What is needed
From the line containing "这款儿童拼音助手与一年级拼音" to the end of the records below, both included, every line should be repeated exactly; pictures should be dropped.

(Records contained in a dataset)
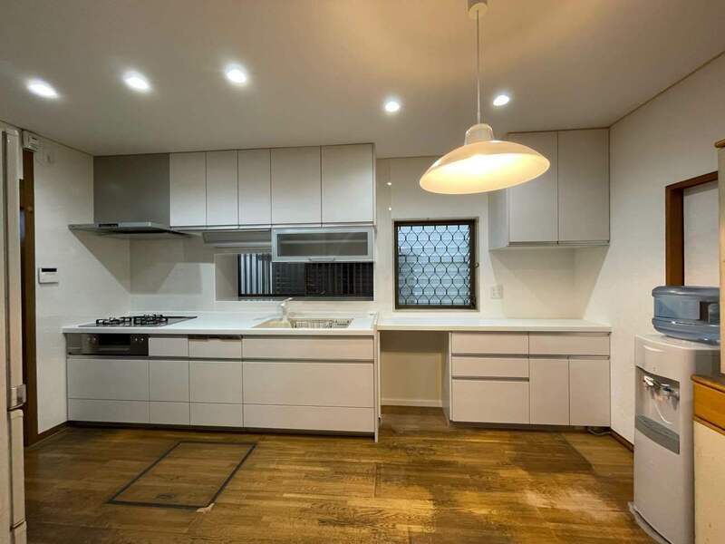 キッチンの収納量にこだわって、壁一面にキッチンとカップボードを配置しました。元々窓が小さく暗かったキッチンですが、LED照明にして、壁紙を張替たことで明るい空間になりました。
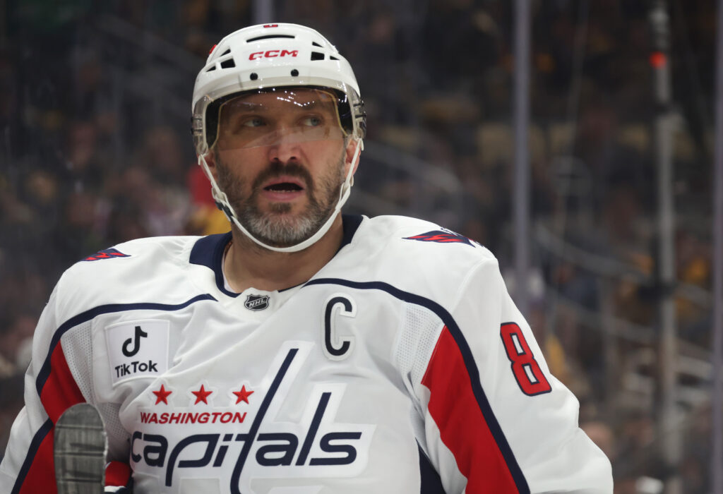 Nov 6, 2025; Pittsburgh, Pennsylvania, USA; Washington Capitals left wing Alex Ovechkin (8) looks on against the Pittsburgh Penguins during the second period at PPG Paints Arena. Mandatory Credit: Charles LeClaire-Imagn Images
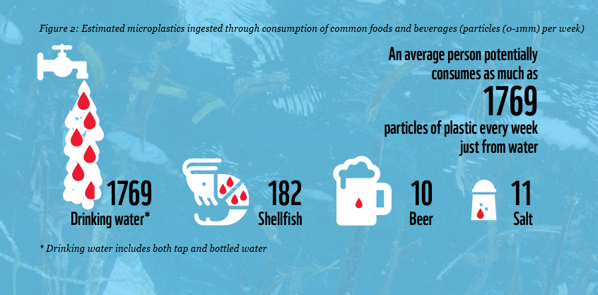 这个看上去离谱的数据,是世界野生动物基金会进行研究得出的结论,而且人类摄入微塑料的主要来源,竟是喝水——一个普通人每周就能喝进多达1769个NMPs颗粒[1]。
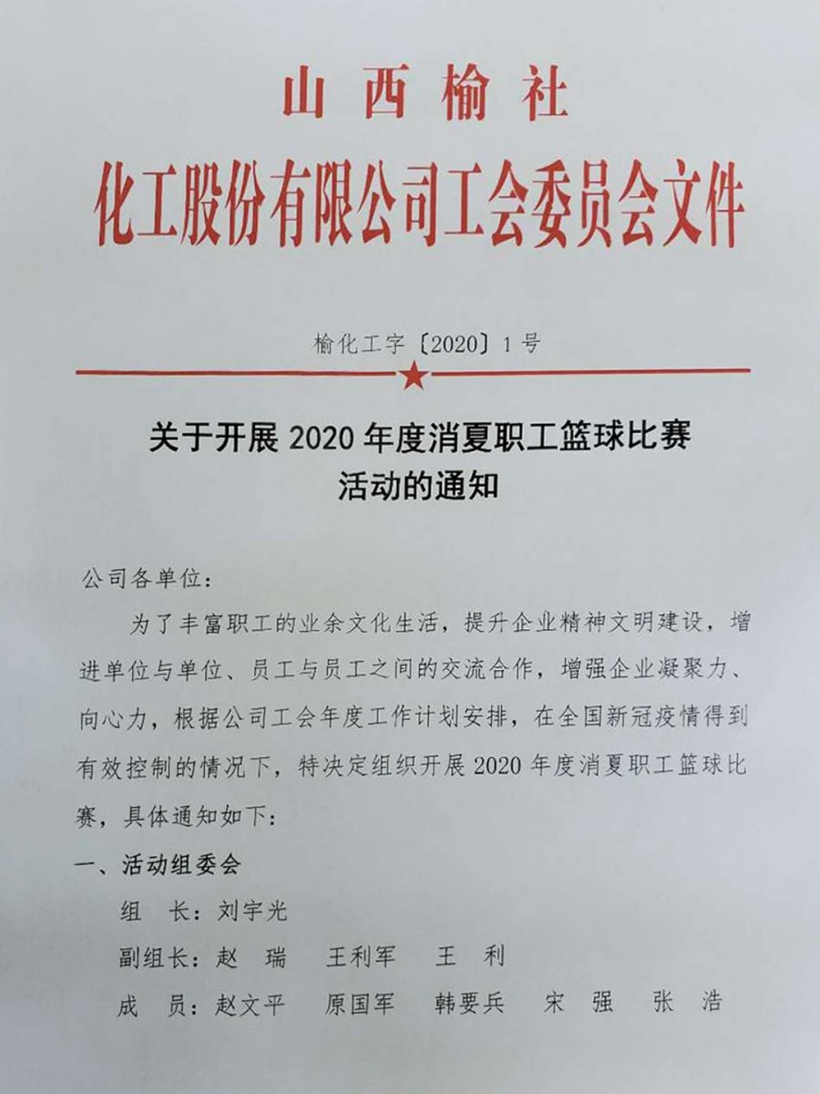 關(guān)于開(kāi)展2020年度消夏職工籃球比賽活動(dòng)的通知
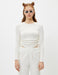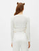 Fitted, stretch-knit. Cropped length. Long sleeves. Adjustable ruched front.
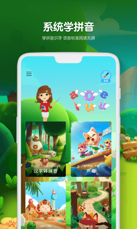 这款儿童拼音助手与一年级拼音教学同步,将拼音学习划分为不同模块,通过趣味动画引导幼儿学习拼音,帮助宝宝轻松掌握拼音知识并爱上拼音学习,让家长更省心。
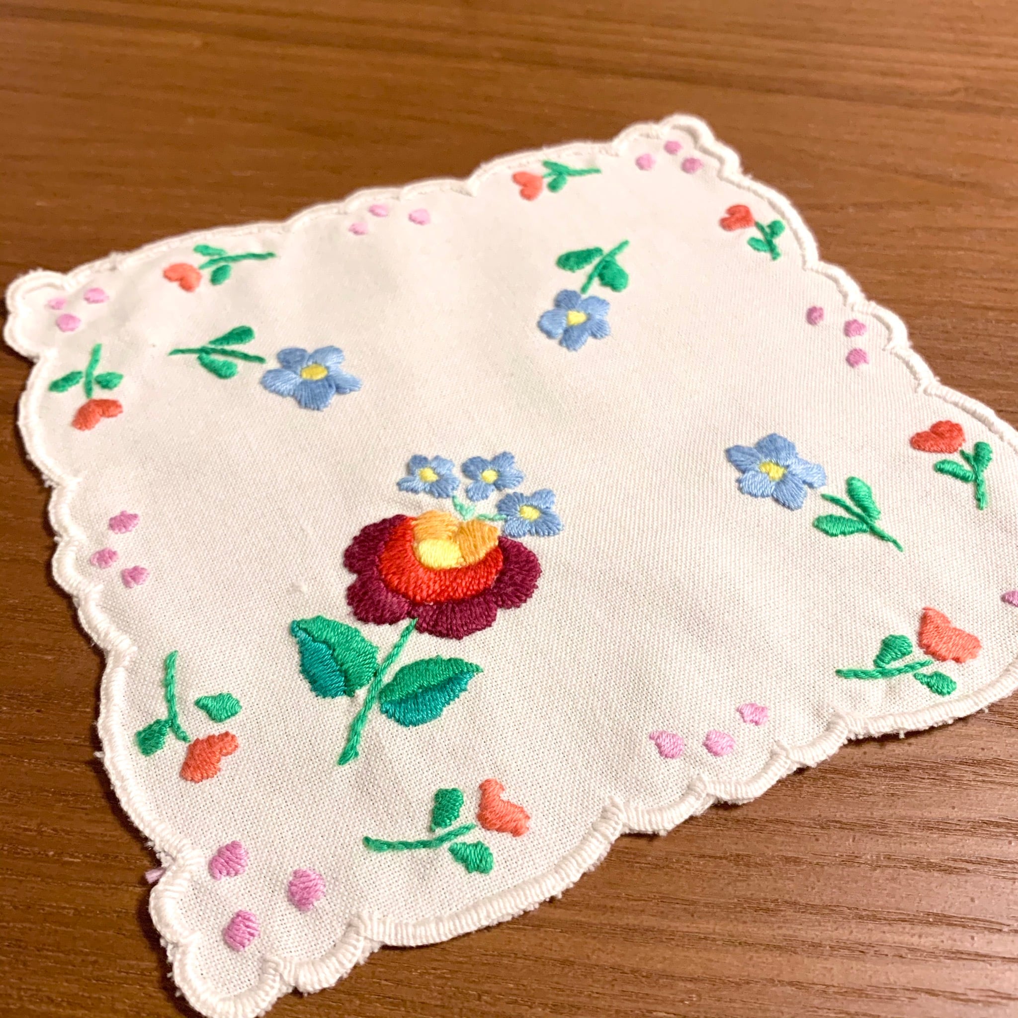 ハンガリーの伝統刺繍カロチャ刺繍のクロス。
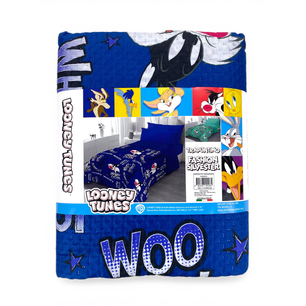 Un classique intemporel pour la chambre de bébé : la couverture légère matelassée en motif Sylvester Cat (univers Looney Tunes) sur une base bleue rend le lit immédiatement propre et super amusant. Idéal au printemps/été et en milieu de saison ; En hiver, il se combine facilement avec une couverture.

Task answer
 这款儿童拼音助手与一年级拼音教学同步,将拼音学习划分为不同模块,通过趣味动画引导幼儿学习拼音,帮助宝宝轻松掌握拼音知识并爱上拼音学习,让家长更省心。
 ハンガリーの伝統刺繍カロチャ刺繍のクロス。
 Un classique intemporel pour la chambre de bébé : la couverture légère matelassée en motif Sylvester Cat (univers Looney Tunes) sur une base bleue rend le lit immédiatement propre et super amusant. Idéal au printemps/été et en milieu de saison ; En hiver, il se combine facilement avec une couverture.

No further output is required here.